We boys wore short trousers all through the war years; in the winter the cold caused painful sores inside our thighs just above the knees. I’ll never forget or forgive Hitler for that. It bloody hurt. Clothing was controlled by coupons; some extra large children were allowed extra coupons. Wellingtons were cheaper than shoes, were probably coupon free and did not wear out so quickly, so in winter Wellingtons were our best shoes. They could give you another sore just below the knee and the probably caused chilblains. Another pain to blame Hitler for. We used to collect shrapnel, but had to keep it secret, partly because some incendiary bombs had a booby trap in the tail and there were butterfly bombs for children to pick up and be killed. The authorities were too thick to realise that even us kids of six or seven knew about bombs and we knew what shrapnel looked like.

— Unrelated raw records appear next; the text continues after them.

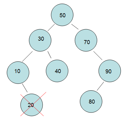《1》 刪除的是“葉節點20“,這種情況還是比較簡單的,刪除20不會破壞樹的結構。如圖: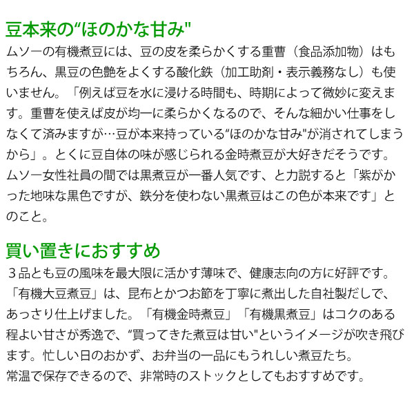 【関連ワード】クロマメ,黒豆,くろまめ,煮物[有機煮豆]有機豆,有機まめ,有機にまめ,有機煮まめ,オーガニックの煮豆,オーガニックにまめ,オーガニック煮まめ[有機]有機JAS認定,オーガニック,JAS認定,オーガニック栽培,有機栽培[販売]ムソー株式会社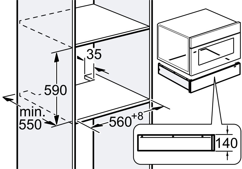 Gaggenau WS461102 новый с витрины - схема встраивания с размерами к подогревателю на разных языках на Hausdorf

A strange thing happened after the Battle of Britain; they re-opened the outdoor swimming pool near our old house. It closed originally to have a supply of water for fighting fires, but there was nothing much to burn near the pool. It was staffed and run from May to September right through the war. I used it as a second home. At Saturday morning pictures we would watch Johnny Weissmuller play Tarzan then at the pool, swim under water re-enact the films. That pool played a major part of my life right up to the 1950’s. It’s a garden centre now which makes me a bit sad.

Dad was sent away to build huts for air force personnel in East Anglia. He dined on the finest food he’d ever had in his life. The farmer’s wife where he was billeted sent him home with a box of eggs and some chicken once a month when he was given leave. That posting did teach dad that the people running this war were just as bad as the ones who ran the first one.
He was always complaining about the waste and inefficiencies. Years later I worked with an electrical engineer who worked on the same project as dad and he had the same complaints.
The people in charge were a bunch of public school boys who hadn’t a clue about building and through ‘connections’ were given a nice safe little job.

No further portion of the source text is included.